→ **Problem description**
Beginning with the line that has "Rustic graduation party", write out each line down to the end of the records below exactly, and include no pictures.

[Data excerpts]
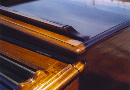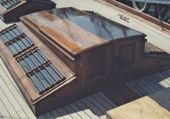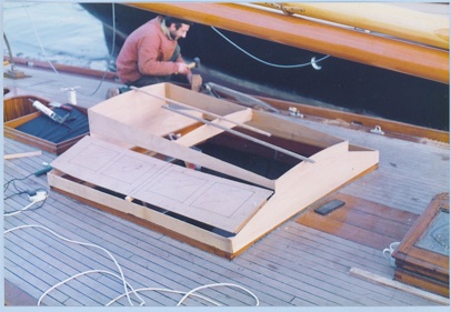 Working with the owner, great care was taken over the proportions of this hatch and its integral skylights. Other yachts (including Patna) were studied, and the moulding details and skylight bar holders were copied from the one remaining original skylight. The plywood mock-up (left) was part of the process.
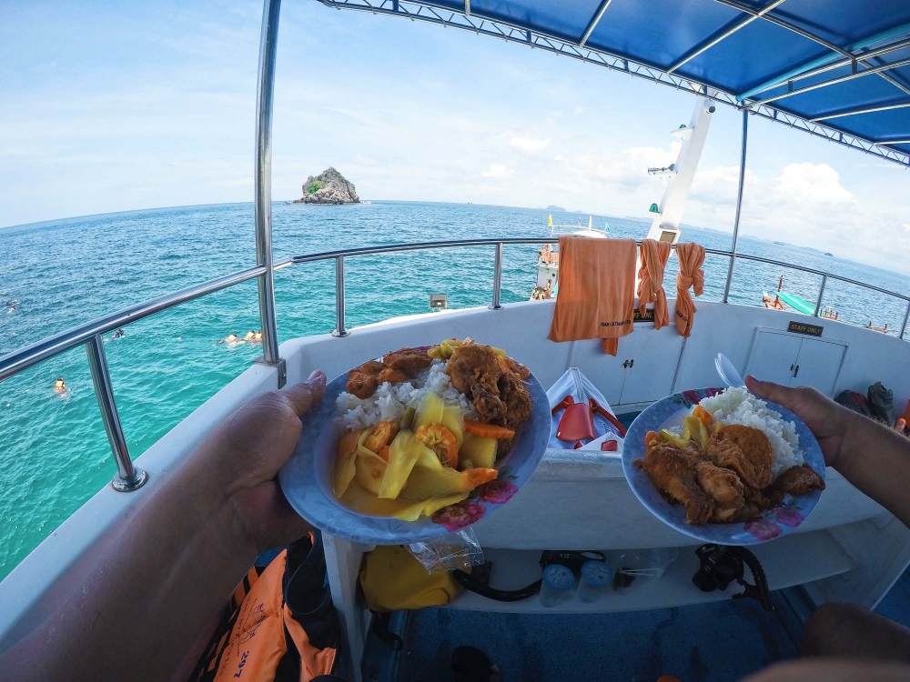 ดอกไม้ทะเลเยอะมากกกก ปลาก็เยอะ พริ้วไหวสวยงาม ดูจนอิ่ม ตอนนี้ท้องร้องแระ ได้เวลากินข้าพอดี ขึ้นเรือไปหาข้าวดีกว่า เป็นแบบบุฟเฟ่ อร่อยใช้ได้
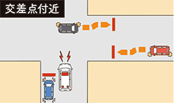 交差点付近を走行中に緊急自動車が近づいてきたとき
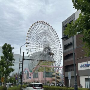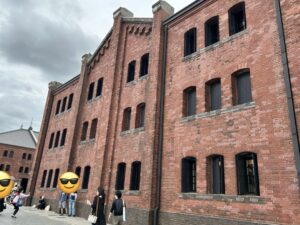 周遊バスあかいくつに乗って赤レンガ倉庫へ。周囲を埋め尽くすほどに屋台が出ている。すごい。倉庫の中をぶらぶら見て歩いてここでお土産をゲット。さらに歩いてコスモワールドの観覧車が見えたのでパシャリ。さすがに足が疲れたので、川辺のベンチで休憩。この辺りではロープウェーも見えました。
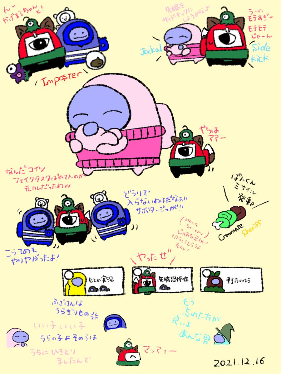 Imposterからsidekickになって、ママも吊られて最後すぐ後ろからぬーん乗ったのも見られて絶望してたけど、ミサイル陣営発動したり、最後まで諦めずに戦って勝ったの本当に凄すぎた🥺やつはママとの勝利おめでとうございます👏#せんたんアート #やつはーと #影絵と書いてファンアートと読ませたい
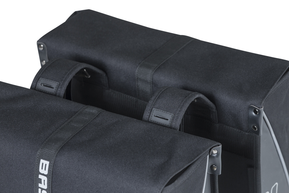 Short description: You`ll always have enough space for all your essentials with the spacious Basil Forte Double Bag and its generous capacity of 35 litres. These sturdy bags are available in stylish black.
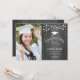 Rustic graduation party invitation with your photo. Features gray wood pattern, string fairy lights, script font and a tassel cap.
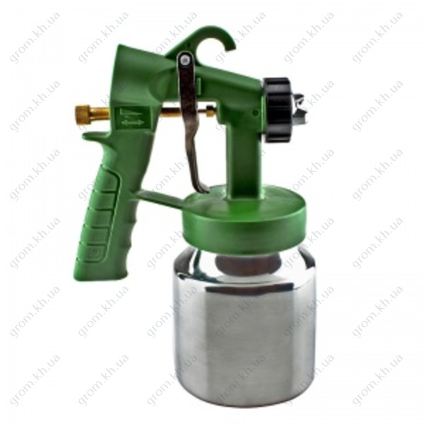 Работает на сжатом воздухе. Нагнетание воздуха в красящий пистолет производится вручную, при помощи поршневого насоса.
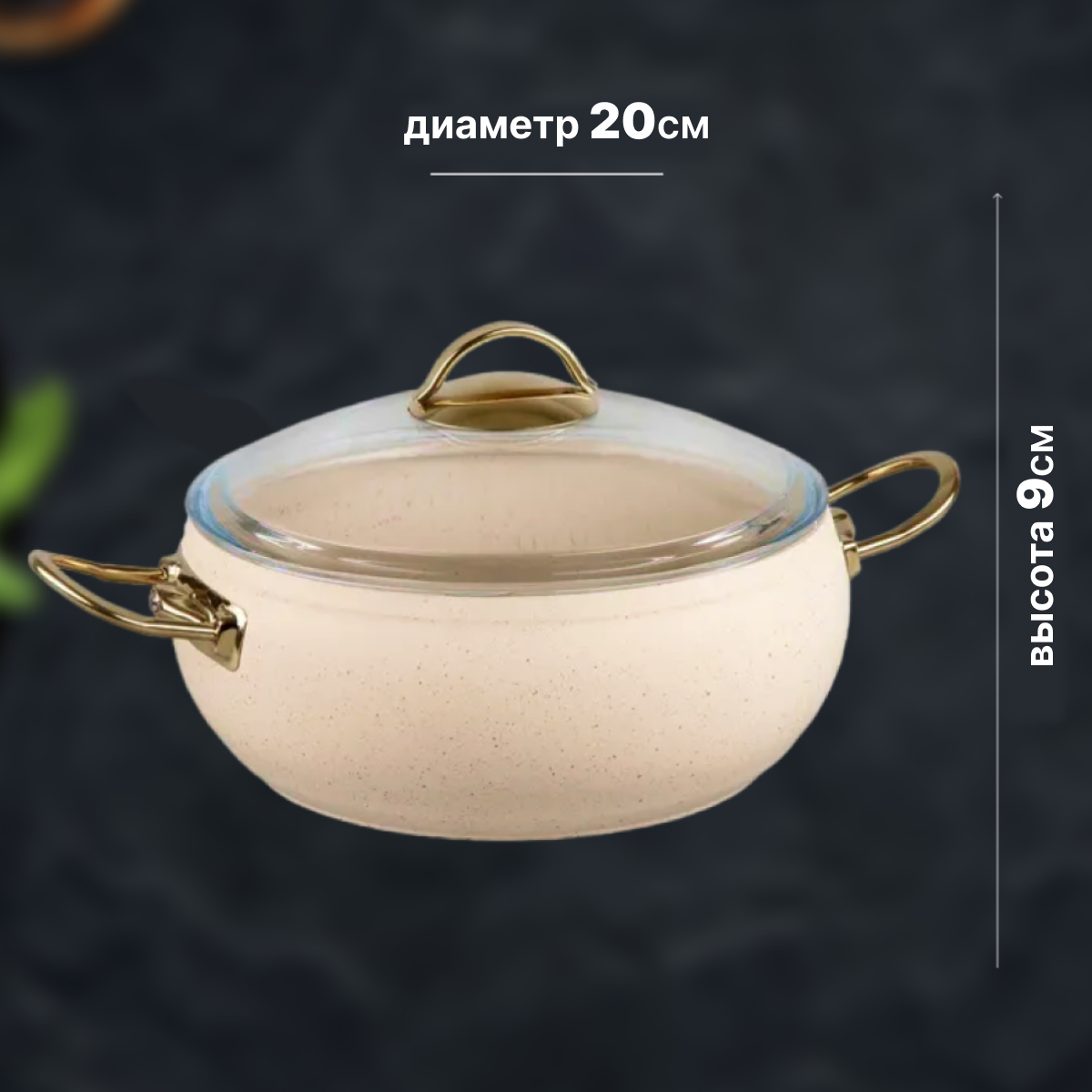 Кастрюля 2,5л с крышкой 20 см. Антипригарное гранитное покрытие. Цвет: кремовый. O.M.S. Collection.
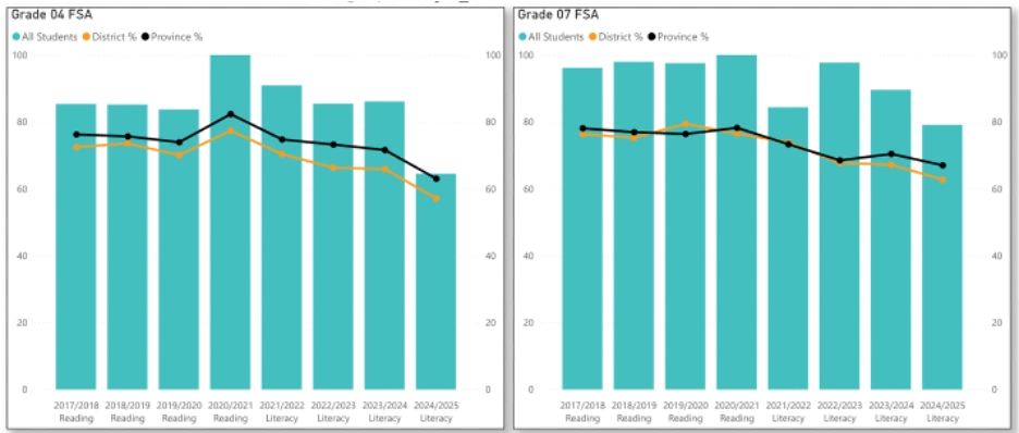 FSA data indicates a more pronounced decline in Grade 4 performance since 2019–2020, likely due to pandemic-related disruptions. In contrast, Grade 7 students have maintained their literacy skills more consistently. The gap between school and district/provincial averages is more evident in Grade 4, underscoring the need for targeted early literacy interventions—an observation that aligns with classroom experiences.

→ **Written solution**
 Rustic graduation party invitation with your photo. Features gray wood pattern, string fairy lights, script font and a tassel cap.
 Работает на сжатом воздухе. Нагнетание воздуха в красящий пистолет производится вручную, при помощи поршневого насоса.
 Кастрюля 2,5л с крышкой 20 см. Антипригарное гранитное покрытие. Цвет: кремовый. O.M.S. Collection.
 FSA data indicates a more pronounced decline in Grade 4 performance since 2019–2020, likely due to pandemic-related disruptions. In contrast, Grade 7 students have maintained their literacy skills more consistently. The gap between school and district/provincial averages is more evident in Grade 4, underscoring the need for targeted early literacy interventions—an observation that aligns with classroom experiences.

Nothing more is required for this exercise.